LOVE GAMES (A)
Director: Vikram Bhatt
Cast: Patralekhaa, Gaurav Arora, Tara Alisha Berry
Running time: 114 minutes
There was a game we used to play in school. No, not love games. In junior school. When we were really small. In fact, the teacher initiated the game in class. Someone says one line and the next kid has to add another line to continue the story. And it would continue till the entire class has participated in formulating a story so totally random and so absolutely impossible that it would defeat the purpose of storytelling.
Vikram Bhatt plays that game in Love Games. An inaccessible premise which becomes more and more preposterous as the tumbling tumbleweed gathers more and more momentum. This is Vikram’s first 2D film in a long time, taking a break from his obsession with the third dimension and horror stories (only just). But the Bhatts’ obsession with erotica continues, yet again breaking new ground in Bollywood — managing to slip in a menage-a-trois no less.

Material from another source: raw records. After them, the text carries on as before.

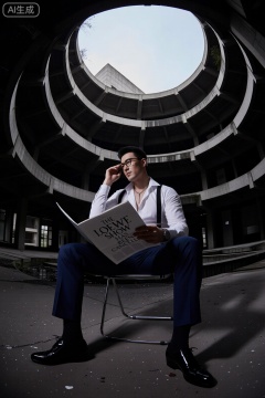 男袜,男性写真,在废弃的圆形建筑内部,男子呈现出优雅又具气场的姿态:他坐在一把简约的金属椅子上,上身穿着白色衬衫(领口微敞,搭配黑色背带,增添了几分复古与干练感),下身是深蓝色长裤,脚上踩着黑色亮面皮鞋与黑色袜子,整体穿搭精致且富有格调,他手持一份印有"THE LOEWE SHOW HAS BEEN CANCELLED" 字样的报纸,一只手轻扶眼镜,神情沉静,仿佛沉浸在阅读中,背景是建筑内部裸露的混凝土结构,圆形的穹顶与层叠的环形梁架极具视觉冲击力,顶部的天光洒落,营造出冷峻又高级的工业风氛围,光线采用了明暗对比强烈的硬光,突出人物的轮廓与建筑的结构感,构图以低角度鱼眼镜头仰拍,强化了空间的纵深感与人物的气场,整体风格偏向"时尚杂志的男性力量感大片",传递出沉稳,精致且充满格调的男性魅力,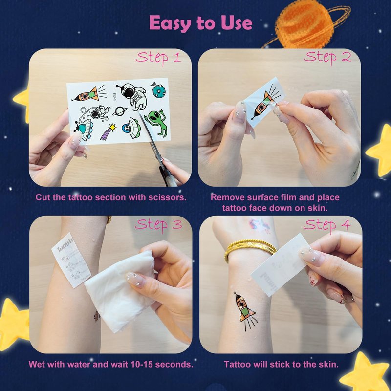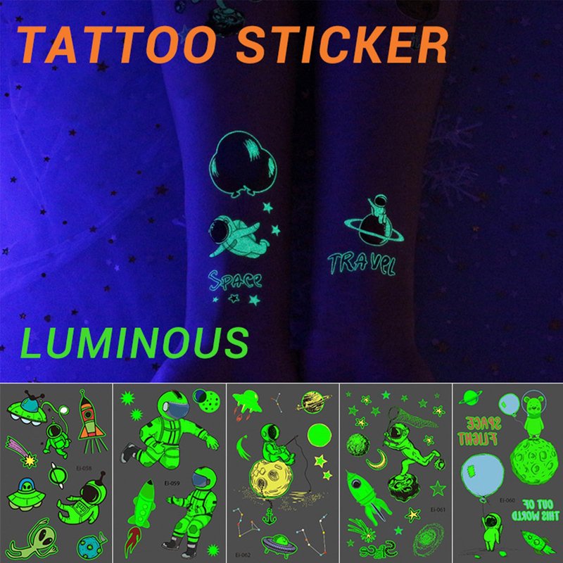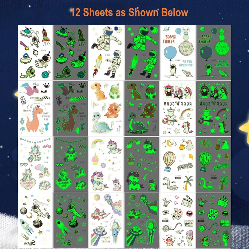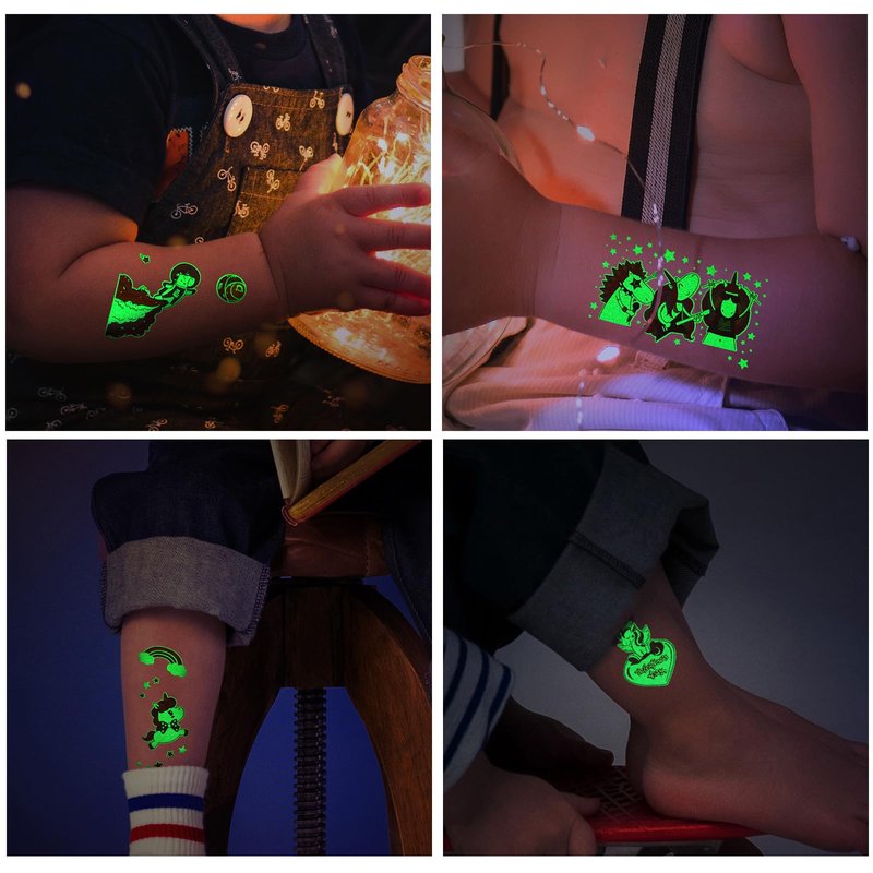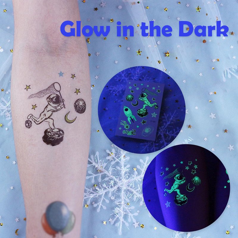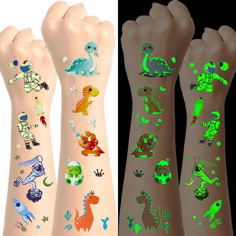 - Mixed Styles Temporary Tattoos for Kids:Luminous temporary tattoos for kids. Even at a party with lots of friends, the glow-in-the-dark tattoos will make you stand out in the crowd! These super fun elements of our temporary tattoos include spaceships, astronauts, aliens, unicorns, and dinosaurs that kids will love. A beautifully styled set of tattoos can cater to the needs of an entire children's party!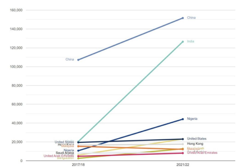 根據近日英國高等教育統計局(HESA)公布的數據,2021/22學年英國留學生總人數漲至68萬(比去年上漲12%),中國的學生總數最多,有17萬人,其中151,690人來自中國大陸。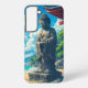 Ein Augenblick der Ruhe mit diesem Kunstwerk einer Buddha-Statue, die friedlich am Meer stehend ist. Das Bild vermittelt ein Gefühl der Ruhe, da die Statue einen ruhigen Strand überblickt, wo sich ein traditionelles japanisches Tempeltor in der Nähe befindet und ein wunderschöner Himmel über dem Meer liegt. Es ist ein perfektes Stück, um ein Gefühl der Ruhe und der spirituellen Ruhe in jeden Raum zu bringen.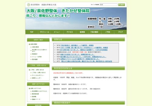 【大阪府泉佐野市】大阪/泉南/泉佐野のきたかぜ整体院です。泉佐野駅からすぐです。駐車場2台あります。 当院の整体は中国整体、カイロプラクティック、オステオパシー、(頭蓋仙骨療法、内臓整体、カウンターストレイン)が含まれています。 手技が豊富ですので、肩こり、腰痛、頭痛、自律神経いった様々な症状に対応できます。 体を整えて心も楽になる整体院です。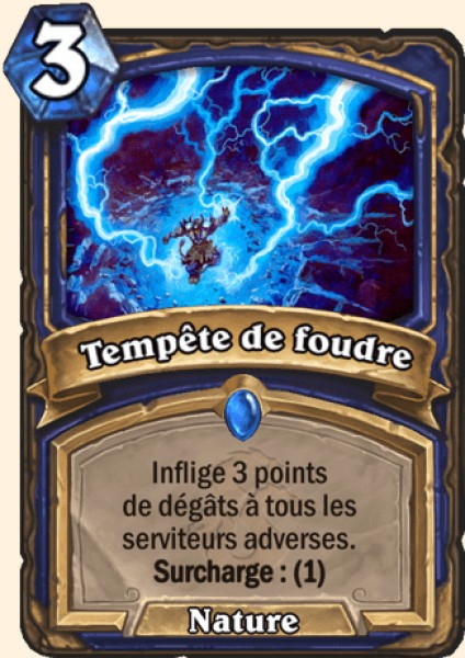 | Description | Inflige 3 points de dégâts à tous les serviteurs adverses. Surcharge : (1) |

So you have this really rich boy, Sam (Gaurav Arora, desperate woman’s Milind Soman), who’s “missing something in his life”. To fill the void, he snorts coke, has regular romps with his f*** buddy Ramona (Patralekhaa) and slashes his arms to feel the pain. Ramona is a little more high on life, killing husbands and going to raves.
The two come up with this ingenious plan — they will go to parties as strangers and Ramona will seduce a random man while Sam will prey on the man’s wife. Whoever gets to do it first — you have to shoot a video for proof and then WhatsApp the act — wins, the big prize being one week’s supply of coke. Achhe din aa gaye, no?
Anyway, during one such love game Sam finds his life’s missing piece — the beautiful and fragile Alisha (Tara Alisha Berry) — who’s married to a wife-beating criminal lawyer Gaurav (Hiten Tejwani). The lady is also a surgeon, leading to the film’s most howlarious hospital scene where Alisha runs from a party to the OT and gives chest pumps to a dead patient much to the bewilderment of the rest of the medical team.
After this, whatever the writer was smoking, the dosage doubles, and what happens next is pure pandemonium, involving real shootouts, fake murders, body swapping, staged accidents and temporary burials. You can never be sure which character lives, but you are definitely dead at the end of it all.
Three stellar performances could have still saved the day but at the hands — rather bodies — of the newcomers, Love Games often feels like one of those para plays where everybody mugs up their lines without attaching an iota of emotion.
Gaurav Arora has a presence of sorts in front of the camera but is criminally inconsistent, the varnish often coming off to reveal the wood underneath. Tara Alisha Berry is soothing to the eyes, but short on expressions. Patralekhaa, who was effective as the hapless wife in CityLights, is completely miscast as the temperamental temptress, having neither the frame nor the fire to pull off the part.
The best thing about Love Games is the soundtrack by Sangeet-Siddharth, the songs and the background score somehow keeping the dead beats alive.
The man’s directed around 29 films by now, so you can’t really accuse Vikram Bhatt of not knowing how to make a movie. But perhaps he needs to choose a different game to play. One he will play with love.